### Given information

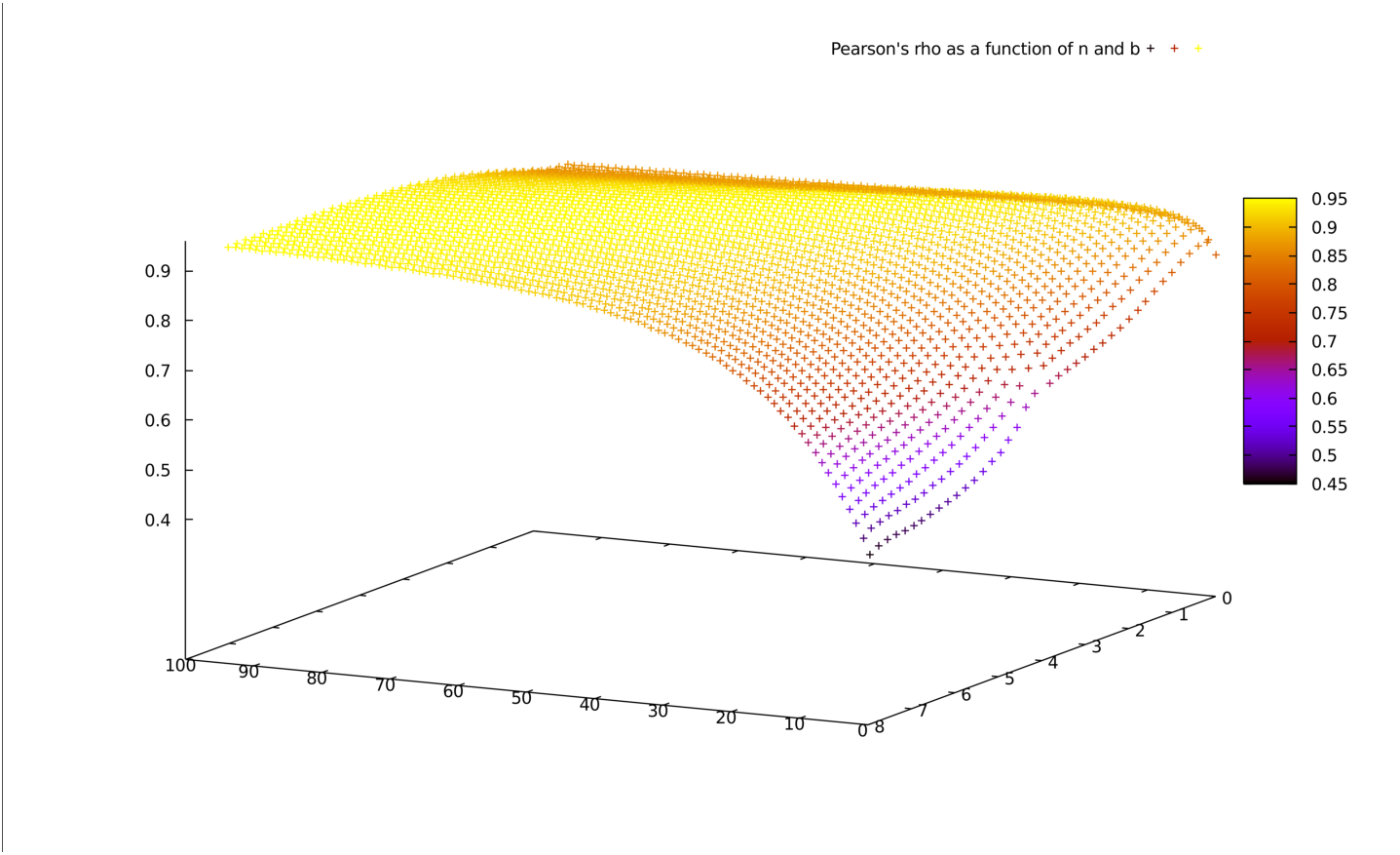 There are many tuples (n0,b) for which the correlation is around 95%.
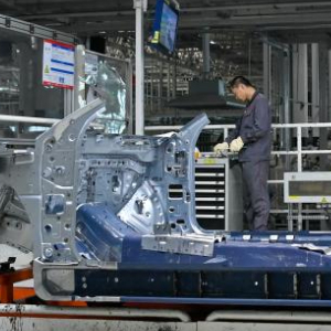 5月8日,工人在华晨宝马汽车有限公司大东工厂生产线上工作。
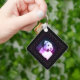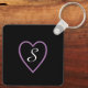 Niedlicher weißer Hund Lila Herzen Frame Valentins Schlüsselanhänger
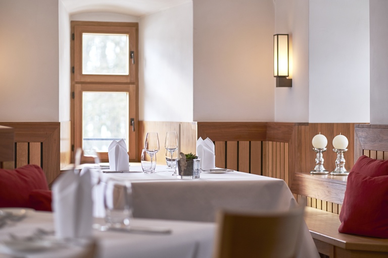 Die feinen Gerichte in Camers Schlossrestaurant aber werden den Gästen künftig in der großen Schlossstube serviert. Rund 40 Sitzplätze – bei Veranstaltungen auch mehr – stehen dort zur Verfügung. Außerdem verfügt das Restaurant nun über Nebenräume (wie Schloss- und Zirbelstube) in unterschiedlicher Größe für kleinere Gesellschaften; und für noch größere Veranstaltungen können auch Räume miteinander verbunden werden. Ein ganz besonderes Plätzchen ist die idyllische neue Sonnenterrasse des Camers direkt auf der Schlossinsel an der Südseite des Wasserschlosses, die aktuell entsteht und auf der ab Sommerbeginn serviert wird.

######
### Given information

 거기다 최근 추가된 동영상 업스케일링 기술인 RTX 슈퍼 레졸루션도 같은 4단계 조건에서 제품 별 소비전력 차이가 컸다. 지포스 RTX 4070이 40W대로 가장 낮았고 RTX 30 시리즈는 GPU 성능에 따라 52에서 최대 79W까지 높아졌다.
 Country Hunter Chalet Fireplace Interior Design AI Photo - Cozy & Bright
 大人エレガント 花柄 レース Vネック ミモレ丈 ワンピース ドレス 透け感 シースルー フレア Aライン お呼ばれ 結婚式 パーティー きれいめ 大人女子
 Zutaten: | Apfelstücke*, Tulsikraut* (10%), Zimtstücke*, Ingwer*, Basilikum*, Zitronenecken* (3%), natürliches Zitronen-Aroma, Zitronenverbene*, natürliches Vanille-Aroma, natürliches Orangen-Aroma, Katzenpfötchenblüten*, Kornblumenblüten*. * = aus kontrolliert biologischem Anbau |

######

*What the task asks*:
Range to copy from the listing above: the line with "There are many" through the line with "Die feinen Gerichte". Transcribe it exactly and skip the pictures.

*Solution for this exercise*:
 There are many tuples (n0,b) for which the correlation is around 95%.
 5月8日,工人在华晨宝马汽车有限公司大东工厂生产线上工作。
 Niedlicher weißer Hund Lila Herzen Frame Valentins Schlüsselanhänger
 Die feinen Gerichte in Camers Schlossrestaurant aber werden den Gästen künftig in der großen Schlossstube serviert. Rund 40 Sitzplätze – bei Veranstaltungen auch mehr – stehen dort zur Verfügung. Außerdem verfügt das Restaurant nun über Nebenräume (wie Schloss- und Zirbelstube) in unterschiedlicher Größe für kleinere Gesellschaften; und für noch größere Veranstaltungen können auch Räume miteinander verbunden werden. Ein ganz besonderes Plätzchen ist die idyllische neue Sonnenterrasse des Camers direkt auf der Schlossinsel an der Südseite des Wasserschlosses, die aktuell entsteht und auf der ab Sommerbeginn serviert wird.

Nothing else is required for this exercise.